YOUR INSTRUCTIONS:
Print, word for word, the opening line of the data below and every line after it through the line that contains "NAO ไฟ Led 4", but not the pictures.

DATASET EXCERPT:
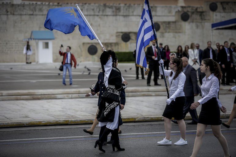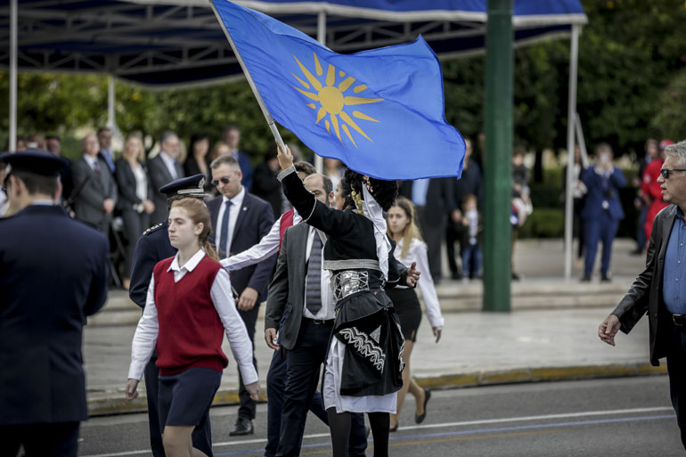 Κατά τη διάρκεια της παρέλασης ένας άνδρας και μία γυναίκα, ντυμένοι με παραδοσιακές φορεσιές, κρατώντας σημαίες, η μία με τον ήλιο της Βεργίνας, παρεισέφρησαν ανάμεσα στα σχολεία και παρέλασαν, σταματώντας μπροστά από την εξέδρα των επισήμων και φωνάζοντας συνθήματα.
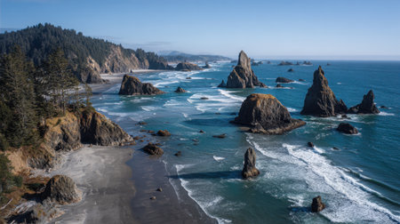 A breathtaking view of a secluded sandy beach along the Pacific coast, featuring dramatic sea stacks, rugged cliffs, and a lush evergreen forest under a partly cloudy sky.
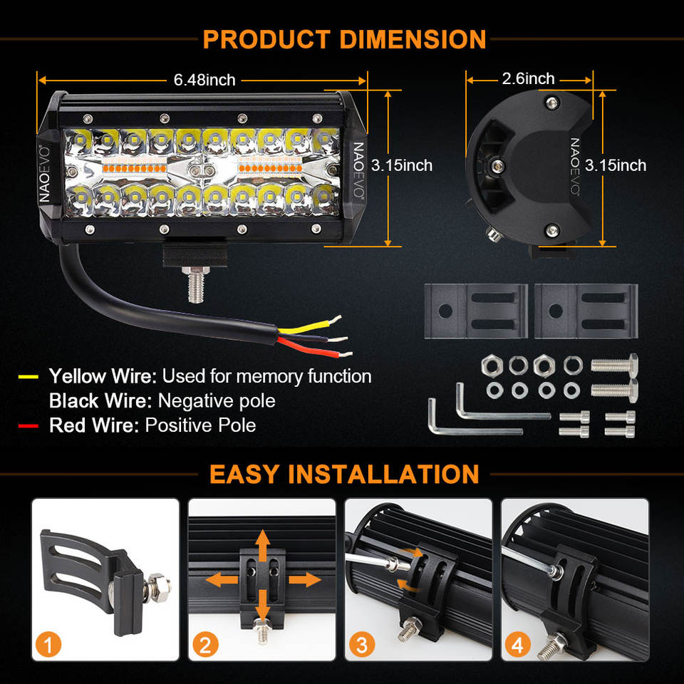 NAO ไฟ Led 4 "7" 42 "นิ้วสีเหลืองอำพัน,ไฟ Led สำหรับรถบรรทุกที่ทันสมัย4X4ออฟโรด12V 24V 60W 72W 120W ไฟเทรลเลอร์ทางลาดรถออฟโรด Led บาร์
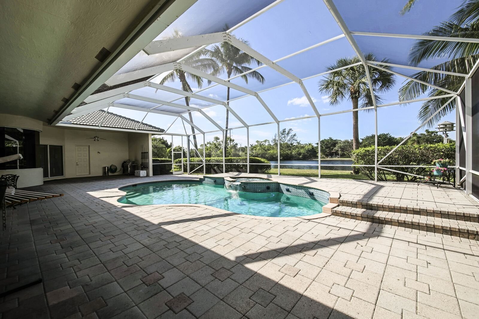 This luxurious and impeccably maintained 1+ acre estate with 5 bed and study/6th bedroom (no closet). Whispering Woods is in one of the most unique guard gated neighborhoods. Enjoy the spectacular sunsets overlooking the stocked lake. Fabulous home for entertaining with the expansive screened patio with pool and spa. Upgraded features include: marble floors, gourmet kitchen, wet bar, 8’ high interior doors, volume ceilings and luxurious master suite. Plenty of room to expand! Lots of yard for outdoor fun and games!

EXPECTED ANSWER:
 Κατά τη διάρκεια της παρέλασης ένας άνδρας και μία γυναίκα, ντυμένοι με παραδοσιακές φορεσιές, κρατώντας σημαίες, η μία με τον ήλιο της Βεργίνας, παρεισέφρησαν ανάμεσα στα σχολεία και παρέλασαν, σταματώντας μπροστά από την εξέδρα των επισήμων και φωνάζοντας συνθήματα.
 A breathtaking view of a secluded sandy beach along the Pacific coast, featuring dramatic sea stacks, rugged cliffs, and a lush evergreen forest under a partly cloudy sky.
 NAO ไฟ Led 4 "7" 42 "นิ้วสีเหลืองอำพัน,ไฟ Led สำหรับรถบรรทุกที่ทันสมัย4X4ออฟโรด12V 24V 60W 72W 120W ไฟเทรลเลอร์ทางลาดรถออฟโรด Led บาร์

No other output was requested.